This time when he laughs, it’s loud and round and full of something that sounds like the way you felt, that night you wanted to ask what it was he needed, whether this has been about all of you or just the fact that he misses the sex. You suddenly realize that maybe you do not want to know the answer after all. You long for him, everything about him, so deeply that the thought it might not be the same for him knocks the breath from your lungs. It cuts you like a strange knife, a pain in places you’ve never felt pain.

He laughs, and then he goes quiet. The quiet stretches for a long moment you are afraid to break.

“God, I miss you.”

He sounds like he’s smiling, and two months ago you might not have understood how somebody could smile while telling you something that should indicate sadness. Now you understand perfectly well. How many nights have you fallen asleep with a smile on your face, happy but aching at the same time?

“I know,” you say. Immediately you know these were the wrong words, but you cannot put your finger on why. It is the truth; you know how he feels, intimately. You’ve felt the same way.

“Look,” sighs Julian, “let’s just forget about the whole phone sex thing, okay? We can just talk. Just...tell me how your day’s been going. Let’s talk about that.”
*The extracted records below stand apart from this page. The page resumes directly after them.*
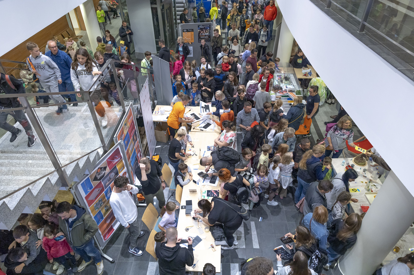 Zwiedzenie warto było rozpocząć od budynku V, gdzie poza strefą pokazową i wystawienniczą z mnóstwem atrakcji znajdował się punkt informacyjny, w którym najmłodsi otrzymywali ulotkę, aby móc wziąć udział w zabawie polegającej na zebraniu ośmiu naklejek ukrytych na wydziałach uczelni. Komplet naklejek można było na koniec wymienić na okolicznościowy dyplom i upominek. Ponieważ teren Politechniki Rzeszowskiej jest rozległy, organizatorzy przygotowali przewodnik i interaktywną mapę uczelni w Google Maps, aby ułatwić uczestnikom poruszanie się po budynkach.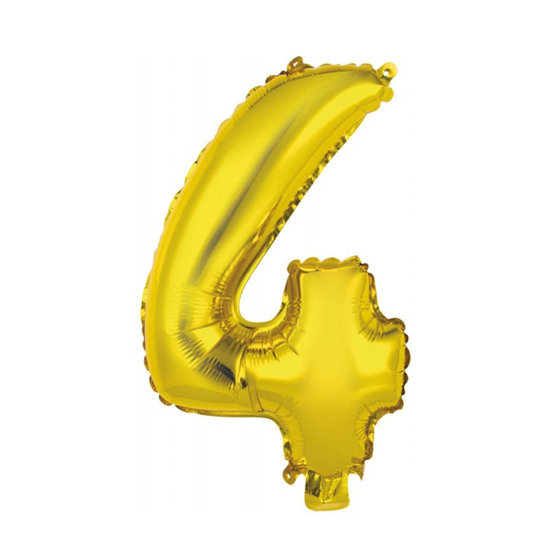 Levegővel fújható 4-es arany szám fólia lufi. A csomag tartalmazza a fújáshoz a pálcát.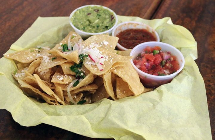 Maya’s menu is hung on framed slate boards on the wall behind the counter where you place your order. It’s an uncomplicated menu devoid of the overly descriptive ingredient lists which seem to characterize contemporary menus. Weekly specials for each day of the week are listed first then appetizers. On the second slate board you’ll find ensaladas, a section called “Nuevo Mexico” which showcases culinary fare from the Land of Enchantment (prepared in the inimitable Dennis Apodaca manner, of course) and finally sides such as papas, fries and slaw. Tortas with salsa headlines the third slate board along with tacos. Three smaller slate boards are dedicated to desserts, “to warm you up,” and specials. It’s not a huge menu, but you’ll have a hard time deciding just which of the beguiling dishes to order.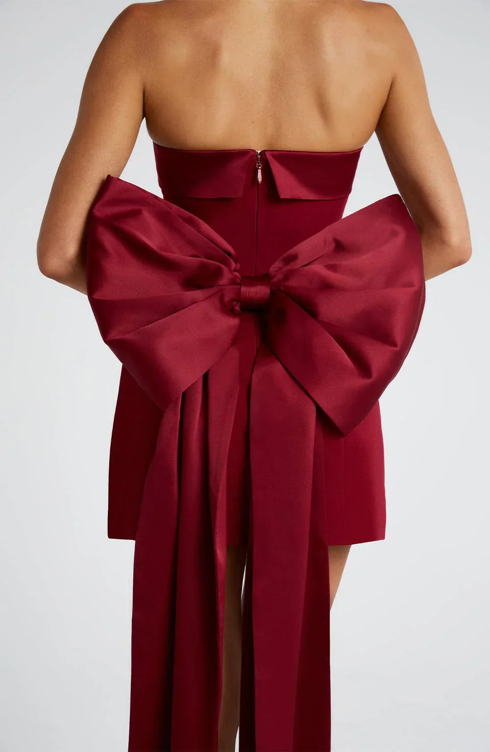 Turn heads in the Barbara Mini Dress in a rich wine hue. Crafted from luxurious non-stretch crepe with contrast satin details, this strapless mini dress features a flattering A-line silhouette and princess seams that sculpt the perfect fit. The show-stopping detachable bow cascades into dramatic long tails, ensuring an unforgettable entrance.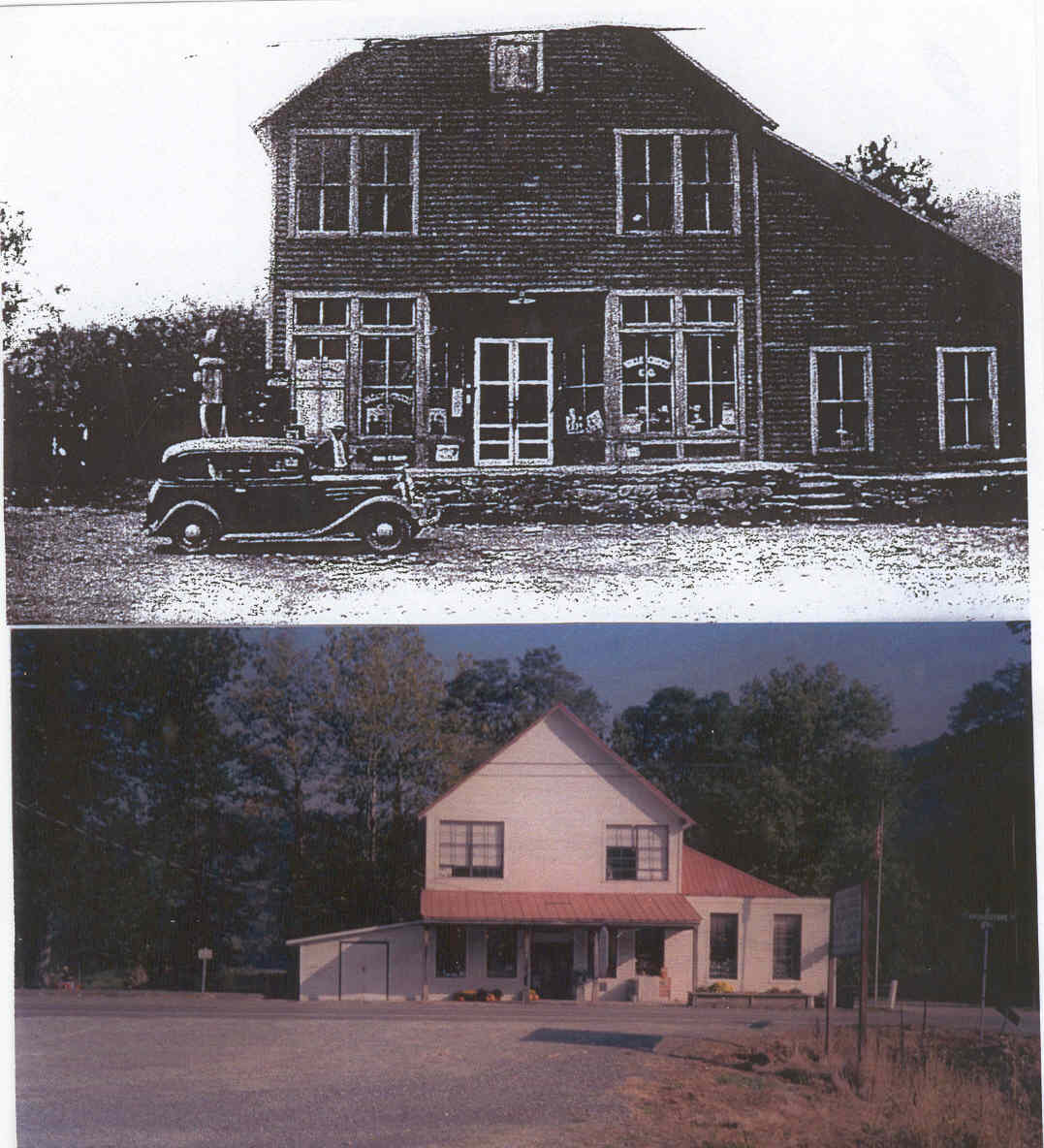 Top photo; FARTHING'S STORE in the mid 1930s. Lower photo as it is shown in 2003.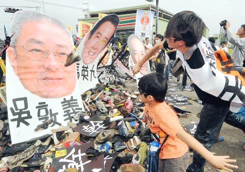“We’ve collected the shoes from Taipei, Taoyuan, Hsinchu, Miaoli, and Greater Taichung, and each pair signifies the public’s discontent with Ma and his government,” TIWA researcher Wuo Young-ie (吳永毅) told the crowd. “Hence, we are throwing the shoes at Ma not only because we’re upset about his performance, we’re doing it also to show him the true public opinion — this is to remind him what 90 percent of the people think of his government at a time when his approval rating is only 9.2 percent.”
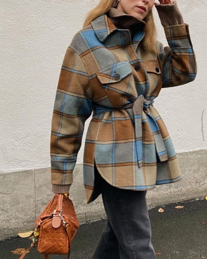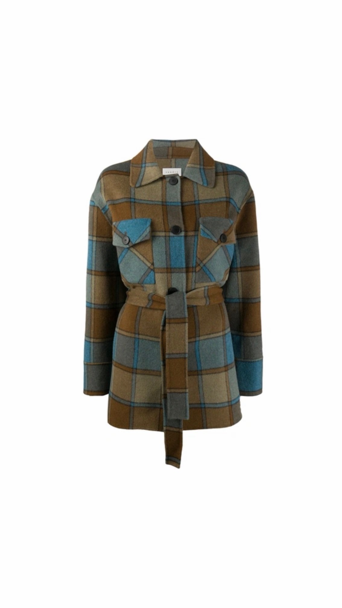 Тепла сорочка Sandro Paris — стильна модель у клітинку з акцентом на талії. Виконаний з вовняної суміші (80% wool), має структурований силует і пояс, що красиво формує фігуру. Ідеальний варіант для міжсезоння та багатошарових образів у паризькому стилі.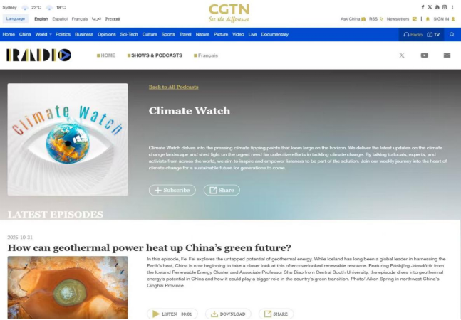 日前,中国国际电视台(CGTN)气候观察(Climate Watch)栏目播出了题为“How can geothermal power heat up China's green future?”的专题访谈节目。冰岛可再生能源联合组织首席执行官Rósbjörg Jónsdóttir、91大神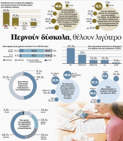 Περισσότερο απαισιόδοξοι εμφανίζονται οι πολίτες για το νέο έτος, εκτιμώντας πως το 2013 θα είναι χειρότερο από το 2012, σύμφωνα με τη δημοσκόπηση εν όψει του νέου έτους που διενεργήθηκε από την Κάπα Research για «Το Βήμα».
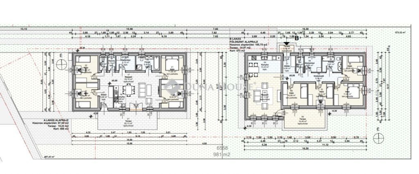 Eladó egy újépítésű ikerházfél Kiskunlacházán! Az ikerházfelek teljesen különállóak, nincs közös fal, garázs vagy tároló, így a ház szinte olyan, mintha önálló családi ház lenne. Az ingatlan 97 négyzetméter hasznos alapterülettel rendelkezik, saját 408 négyzetméteres kerttel. Az elrendezés négy hálószobát, egy amerikai konyhás nappalit teraszkapcsolattal, egy fürdőszobát, külön WC-t és egy háztartási helyiséget tartalmaz. Az épület beton alapra épül, 30-as Leier falazó téglából, 10 cm-es hungarocell szigeteléssel, faszerkezetű födémmel, mely 20cm kőzetgyapot szigetelést fog kapni. A fűtés és meleg víz-ellátás hőszivattyús rendszerrel működik padlófűtésen keresztül, a fürdőben törölközőszárítóval. Az utcafronton betonelemes kerítés készül, a telek körbe lesz kerítve, és a két ikerházrészt elválasztó kerítés is kiépítésre kerül. Az ár tartalmazza a tereprendezést és a fehér színű külső homlokzatot is. Az ár az alábbiakat tartalmazza:-Belső nyílászárók: 40.000 Ft/db áron-Melegburkolatok: 3.500 Ft/㎡ árkategóriában-Hidegburkolatok: 4.000 Ft/㎡ áron-Szaniterek: 20.000 Ft értékben-Fürdőkád: 30.000 Ft-os kerettel.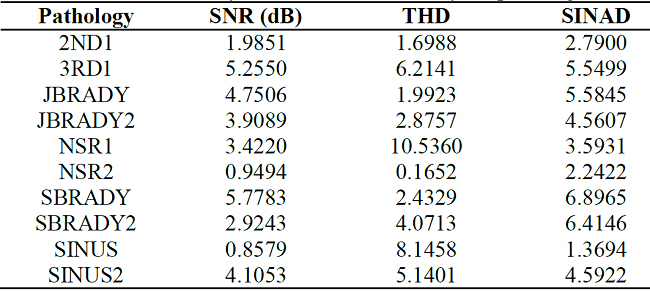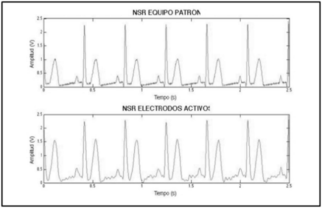 When comparing the correlation results between the signals acquired by the pattern device and the active electrodes developed, there is a correlation higher than 90%, having a peak with SINUS2 pathology with a maximum of 98.31% On the other hand, when comparing the signal-to-noise ratio (SNR), total harmonic distortion (THD) and distortion (SINAD), calculated with the mathematical expressions represented in (5), (6) and (7). These are merit figures that are determined as quality indicators for the cardiac record resulting from the proposed transducer architecture, the results are presented in Table 2.
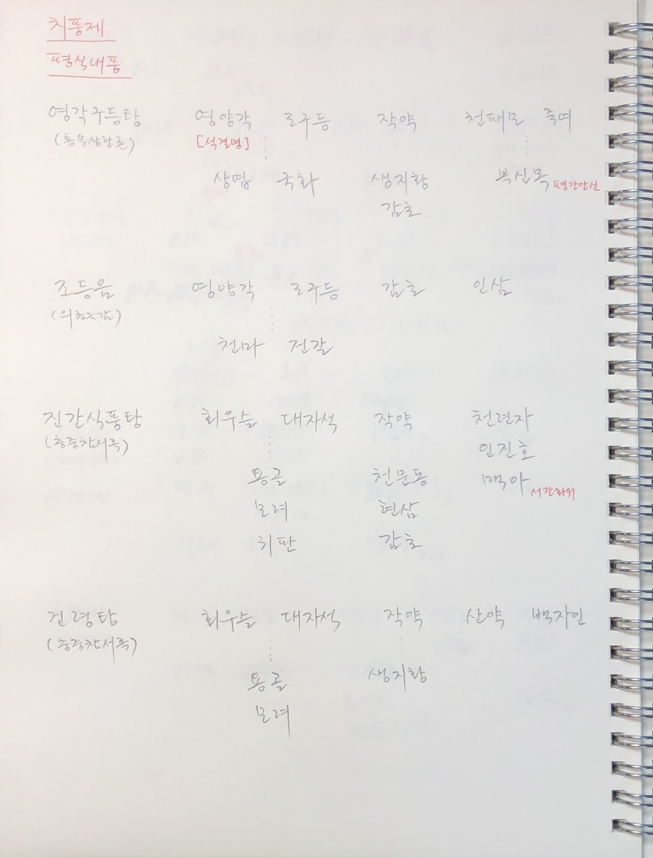 쉬는 날 오전 방제학 공부. 오늘은 평식내풍약류.

And just like that, you are back on the same strange, familiar ground.

-

Time passes. You are apart, and there are no phone calls. You wonder whose voice Julian is listening to at night, if the dark is as empty for him as it is for you.

-

The phone rings at one a.m. and you think, _this will be the last time_. You close your eyes. Then you pad across the faintly dusty floor of the apartment Gambit has given you to stay in and pick up your phone. Let yourself be mesmerized for a few moments by the lurid green glow of his name, backlit against the dark screen.

You let it go to the last ring before you answer.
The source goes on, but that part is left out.